Стережёт её свирепый дракон в обличье собачьем — Трезор.
— И рыцарь сильный и мудрый, — подсказала Варя.
— Кто? — ревниво встрепенулся Димка.
— Дедушка, — засмеялась Варя, — в совхоз аванс ушёл получать.
— И сидит та Варвара-лебёдушка день и ночь в тереме травяном в стране своей Огуреции книжки, золотом писанные, листает, — разошёлся Димка.
— И геометрию зубрит, — дополнила Варя.
— И геометрию, паки науку древнюю, кулачным бойцом, великим Пифагорушкой из собственных штанов составленную. По сему и имя она имеет Пифагорова.
— Не ври, геометрия не Пифагорова, а Эвклидова, — расхохоталась Варя.
— Вот всё перебила, грамотейка, — хлопнул себя по колену Димка, — наверное, мне пора топать, а то никого не застану…
Долго стояли они у обочины дороги, не решаясь расстаться.
— А у меня экзамены на аттестат, — вздохнула Варя, — послезавтра первый, сочинение, утром уеду в совхоз.
— А я уже свалил в прошлом году, — сказал Димка, — на тройки, правда.
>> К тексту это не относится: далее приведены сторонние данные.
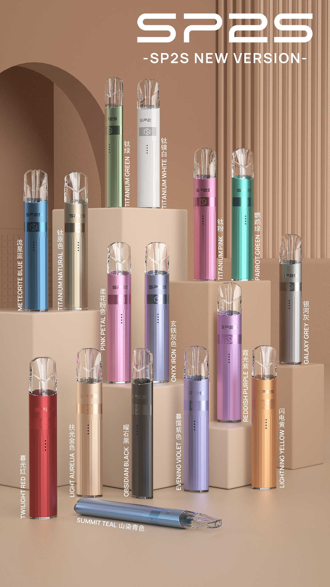 SP2S 鈦金屬主機以沉穩大氣的鈦色金屬為設計靈感,搭配流暢線條與高質感外殼,兼具時尚與耐用性。內建高效電池與智慧輸出系統,確保霧化穩定與長時間續航。通用一代設計,可搭配多款煙彈,操作簡單即插即用,是追求性能與質感並重使用者的理想選擇。
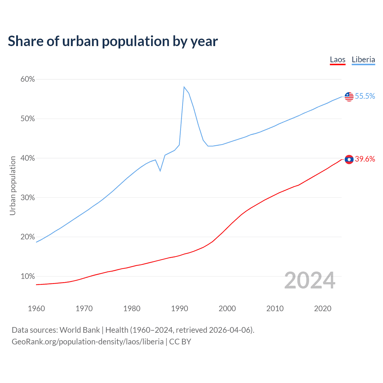 From 2004 to 2024, the share of urban population changed from 26.5% to 39.6% in Laos and from 45.4% to 55.5% in Liberia.
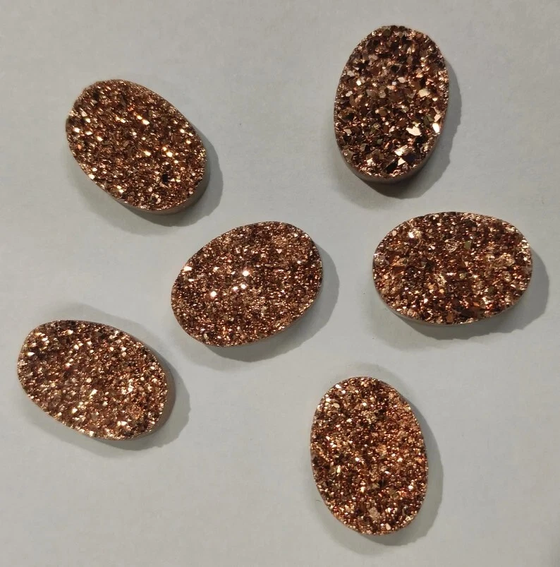 Welcome To Gempires This is a set of 10 oval-shaped Titanium Agate Druzy Quartz gemstones with a Rose Gold color. The gems have an excellent cut grade and are 100% natural with eye-clean clarity. They are not treated or enhanced and come with certification for authenticity. Handmade in India, these drusy gemstones are perfect for wholesale purchase for use in jewelry-making or other creative projects. 10 Pcs Natural Oval Titanium Agate Druzy Quartz Unique Drusy Earrings Making Lot Check My Other Titanium Agate Druzy Quartz Listings : Click Here Note: For Custom / Bulk Order, Please contact on Ebay Message Service. QUALITY ASSURANCE:- The photo may not give you the actual size, please refer to the item description for size details. Our product Images are original. We dont use Photoshop for any editing. We always do our best to display an actual image of the gemstone which is to be delivered to our customers. We check all our items and ensure the best quality standards. The item weight may vary 5% (+/-) at maximum and size may vary .10 cents (+/-) as per the gemstone standard. Return Policy:- Any reason, if you are not satisfied with our product, you may return item within 14 days from the date of product delivered. The Item must be returned in its original condition. Return shipping will be paid by buyer. Shipping Policy: At Gempires, we offer two shipping options for our customers: Standard Shipping: 13-15 Days Express Shipping: 5-7 Days Standard Shipping: Our standard shipping option takes approximately 13-15 days for delivery. Please note that this is an estimated time frame and may vary depending on your location and any unforeseen circumstances. We strive to ensure that your order is processed and shipped as quickly as possible. Express Shipping: If you need your order delivered quickly, we offer an express shipping option that takes approximately 5-7 days for delivery. This option is available at an additional cost, which will be displayed during the checkout process. Please note that this time frame is an estimated delivery time and may vary depending on your location and any unforeseen circumstances. Handling Time All orders are processed and shipped within 1-2 business days after payment has been received. Once your order has been shipped, you will receive a tracking number via Ebay notifications, which you can use to track your package. Custom Duty Note Please note that we are not responsible for any customs or import duties that may be charged once the package reaches your country. These charges are the responsibility of the buyer and are not included in our shipping fees. We take great care in packaging our products to ensure that they arrive at your doorstep in pristine condition. However, if your package arrives damaged or you have any other concerns about your order, please don't hesitate to contact us. We will do our best to resolve any issues and ensure that you are satisfied with your purchase. Feedback Policy:- At Gempires, we value your feedback and strive to provide the best customer experience possible. We welcome your reviews and appreciate your time in sharing your thoughts about your purchase with us. If you are satisfied with your purchase and our service, we would love to hear about it. Your positive feedback can help other buyers make an informed decision about our products and services. If for any reason you are not completely satisfied with your purchase or our service, please reach out to us before leaving a negative review. We are committed to resolving any issues that may arise and ensuring your satisfaction. Thank you for choosing Gempires for your natural gemstone needs. Your feedback is valuable to us, and we look forward to providing you with exceptional service in the future. Best Regards Gempires
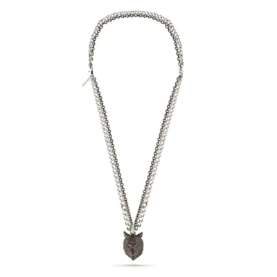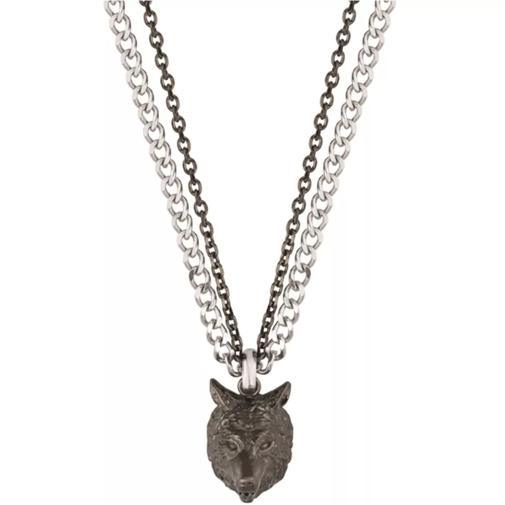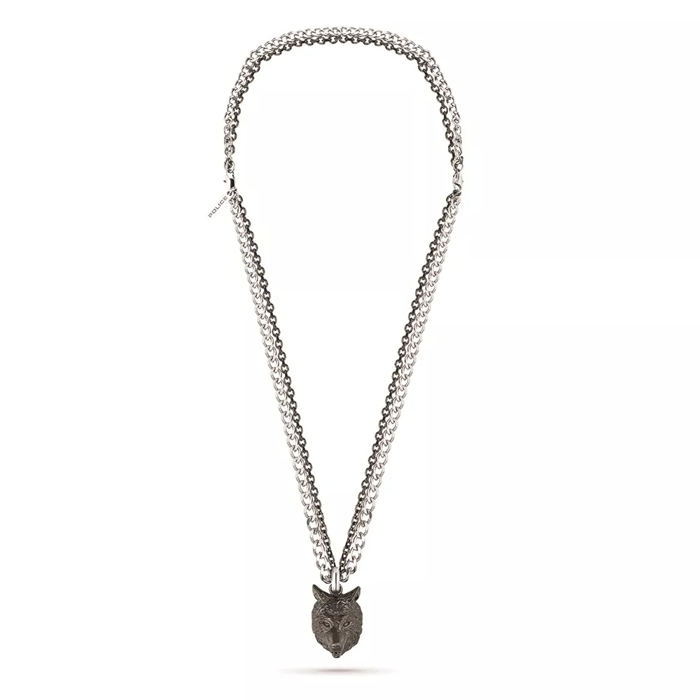 Otkrijte divlji stil pečata, da inspiriše hrabrost! Ova sjajna dvoslojna ogrlica Savage Animalia brenda Police ističe neukrotiv duh i poručuje: "Pazite se!" Veoma muški! Ogrlica od nerđajućeg čelika sa dva lanca u boji srebra i metala sa priveskom glave vuka.
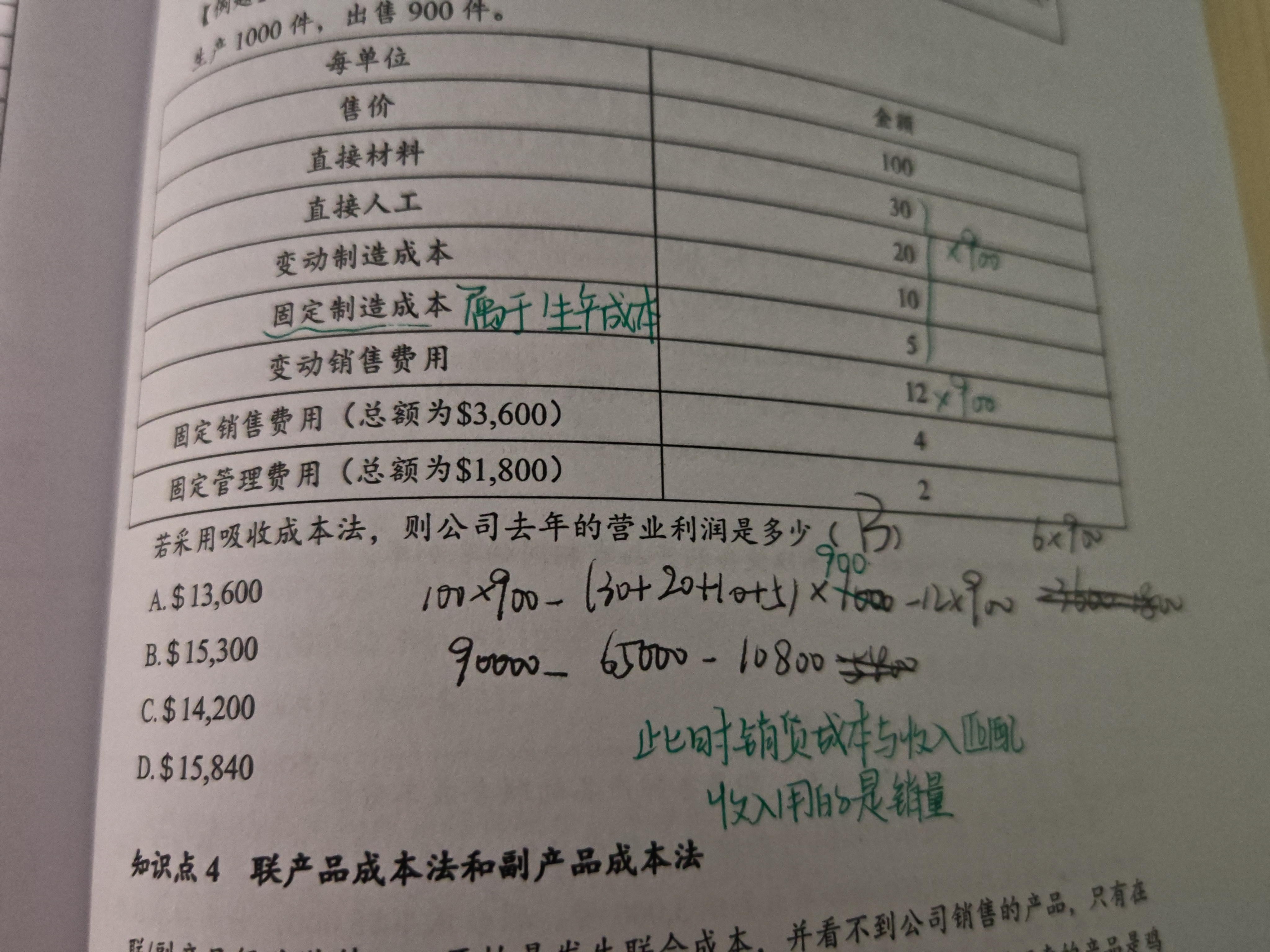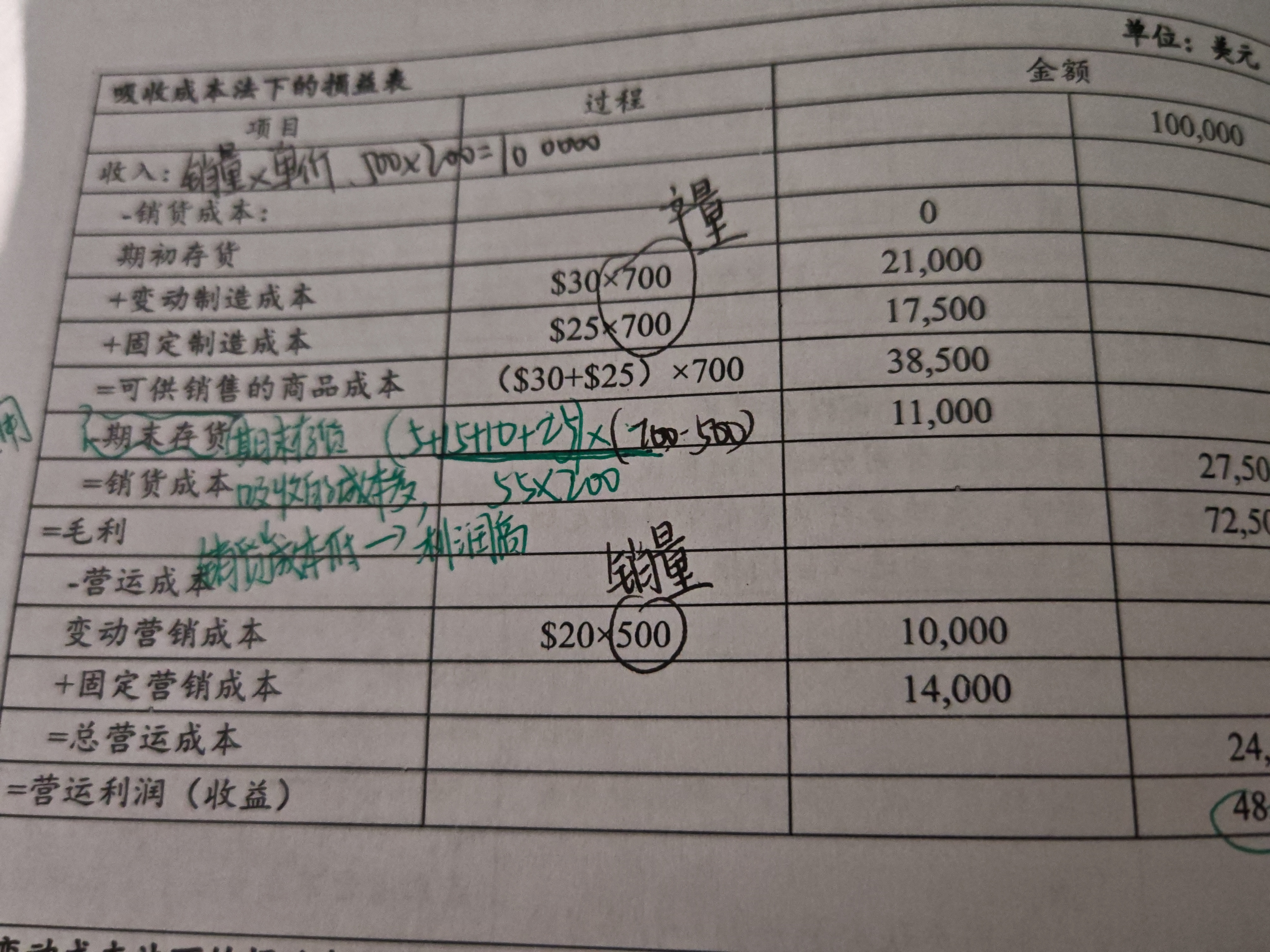 变动成本法是基于实际的销量的。 而吸收成本法的话需要先按产量分摊。

Ты думаешь, Константин Иванович добрый?
— Конечно, добрый. Ты же сам говорил, что все большие люди добрые. Разве может, разве имеет право плохой человек писать хорошие стихи?
— Ладно, — сказал Димка, — я пошёл.
Ему так хотелось ещё раз взять в свою руку её ладошку, но он не решился — какая-то сила сковывала; хотелось сказать доброе, ласковое, единственное слово, но оно не приходило.
— Желаю тебе самого хорошего, — сказала Варя, и он почувствовал, что она тоже ищет какое-то особенное слово и не находит его.
— Так я пошёл, — угрюмо повторил Димка.
— Иди… — совсем тихо обронила она.
Димка зашагал к городу; у дороги, наступив на лиловый цветок молодого татарника, осталась стоять Варя.
Шагов за двести Димка обернулся, она все стояла у дороги. И сколько он ни оглядывался, всё стояла в красном своём сарафане.
В ПРЕДЕЛЕ ЗЕМНОМ
Он был похож на осеннюю муху, ушастый, грустно раскосый, он вяло жил на земле, вяло думал.
Хотя где-то внутри его была пружина, позволявшая ему становиться вдруг неожиданно резким в движениях, дико острым в слове, рысьи цепким во взгляде.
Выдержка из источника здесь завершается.